## TRY IT
Output the data in full. Keep every word exact and exclude the pictures.

## GIVEN MATERIAL
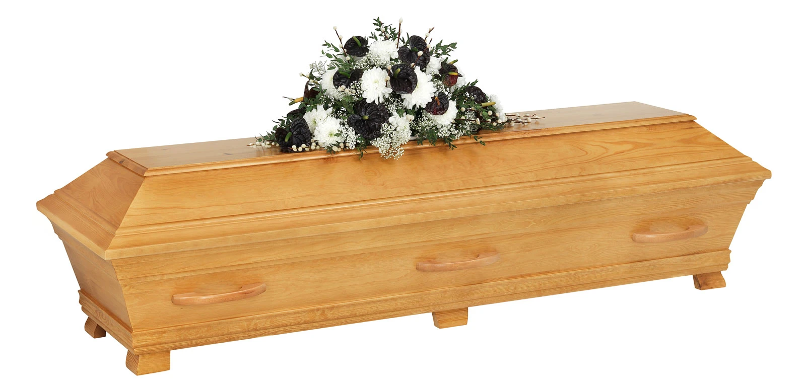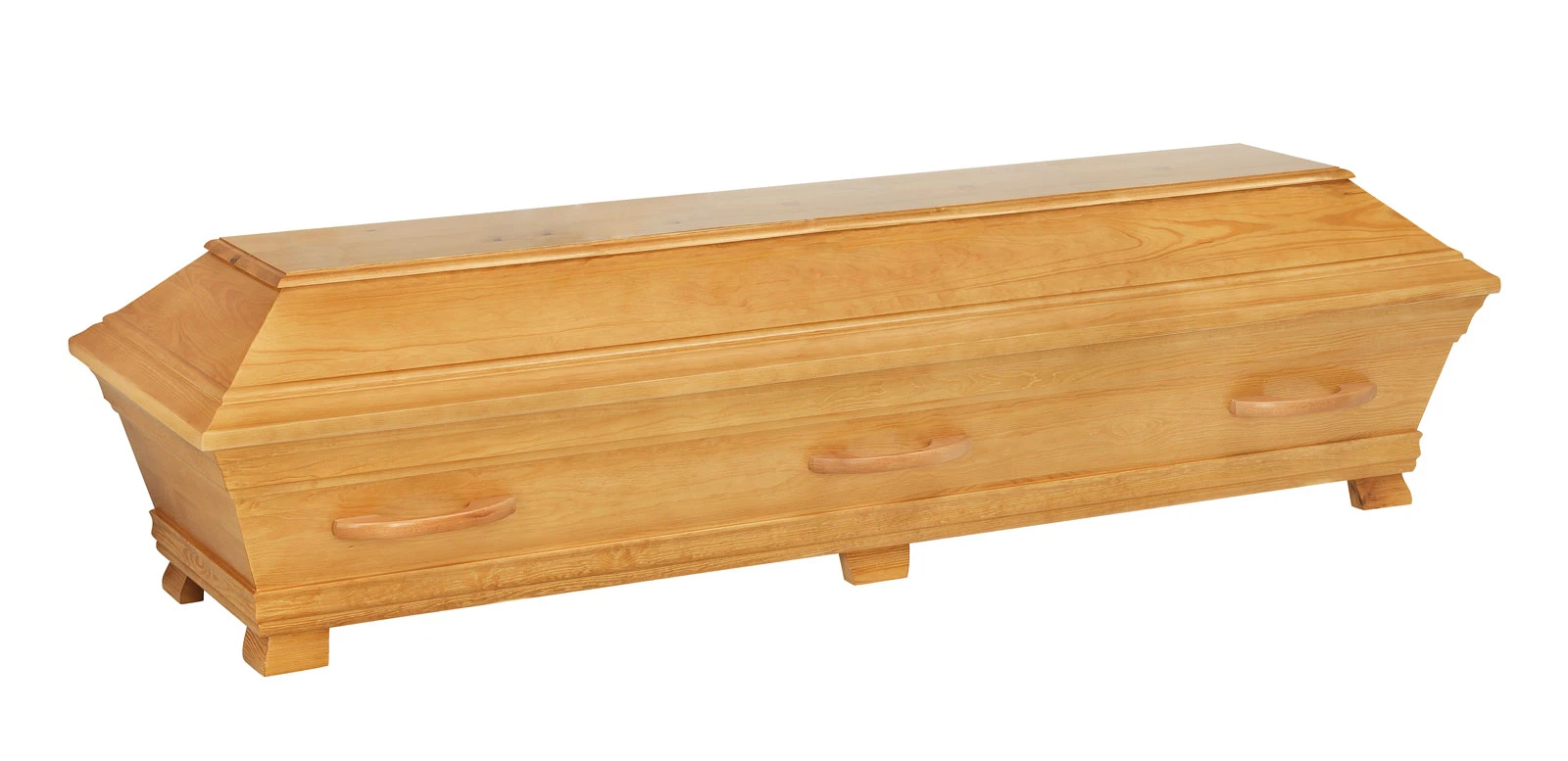 De robusta handtagen är tillverkade av massivt bokträ och harmonierar med kistans naturliga design. Alvö Ekbets är godkänd för både jordbegravning och kremation.
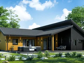 Дом по проекту «Южный» имеет размеры 6x7,5 м, что говорит о компактности, благодаря чему его легко разместить на участке в 4-5 соток. При этом он имеет мансардный этаж, поэтому здесь располагается не одна, а две спальни. Общая площадь дома – 68 м2. Внутри имеется санузел, а также дополнительная комната отдыха, что говорит об удобстве для хозяев.
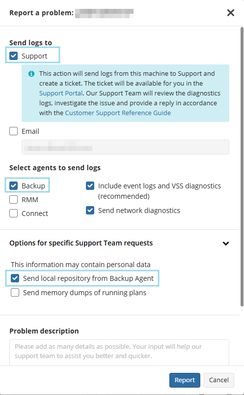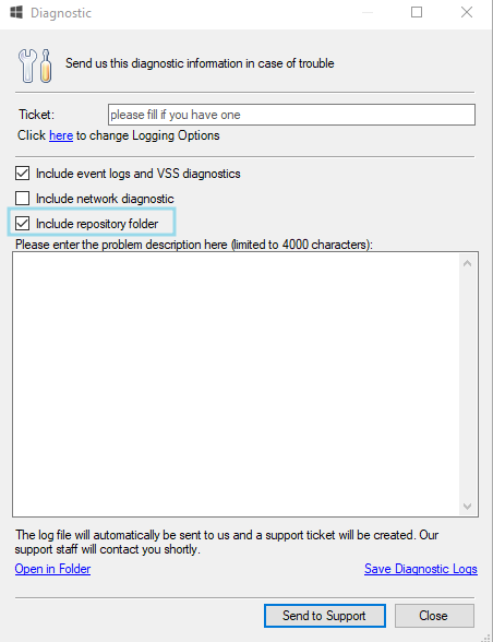 Starting from Backup Agent 8.3, the ability to send the local repository with the Diagnostic Logs was introduced.
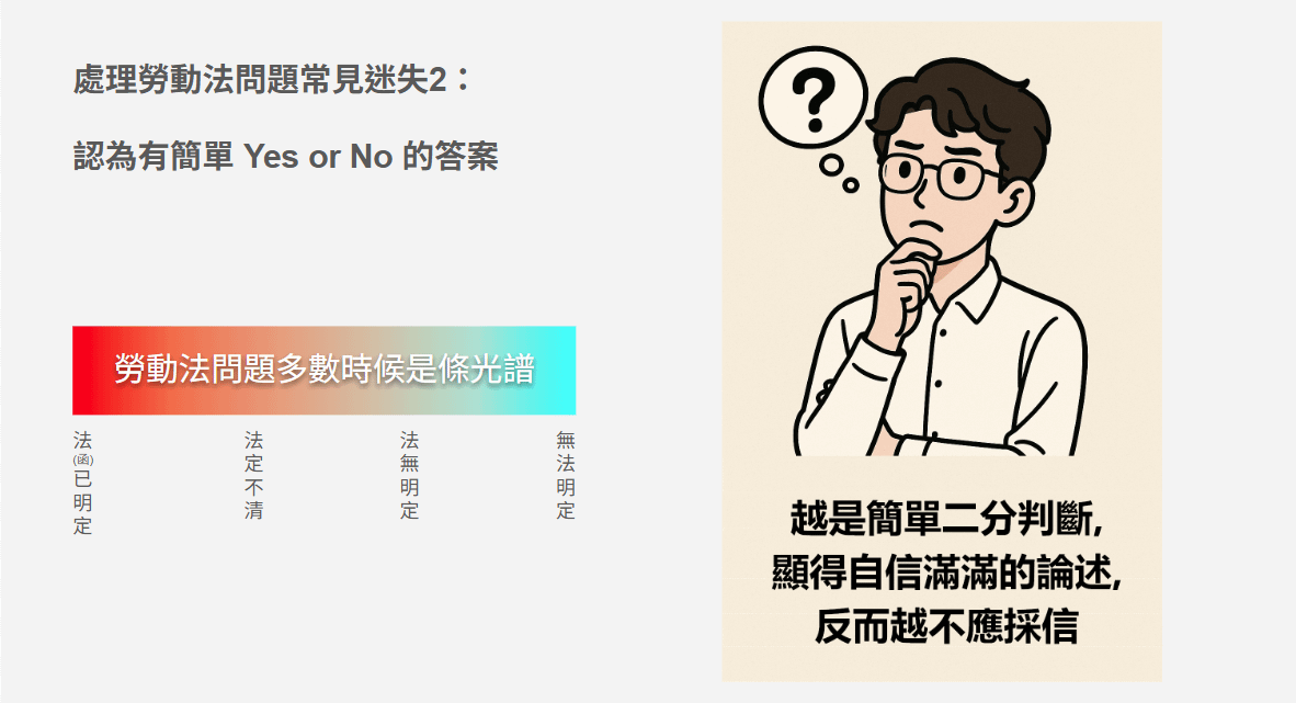 - 能將複雜的用人情境拆解為關鍵法律議題,釐清問題核心。

## SOLUTION TO THIS TASK
 De robusta handtagen är tillverkade av massivt bokträ och harmonierar med kistans naturliga design. Alvö Ekbets är godkänd för både jordbegravning och kremation.
 Дом по проекту «Южный» имеет размеры 6x7,5 м, что говорит о компактности, благодаря чему его легко разместить на участке в 4-5 соток. При этом он имеет мансардный этаж, поэтому здесь располагается не одна, а две спальни. Общая площадь дома – 68 м2. Внутри имеется санузел, а также дополнительная комната отдыха, что говорит об удобстве для хозяев.
 Starting from Backup Agent 8.3, the ability to send the local repository with the Diagnostic Logs was introduced.
 - 能將複雜的用人情境拆解為關鍵法律議題,釐清問題核心。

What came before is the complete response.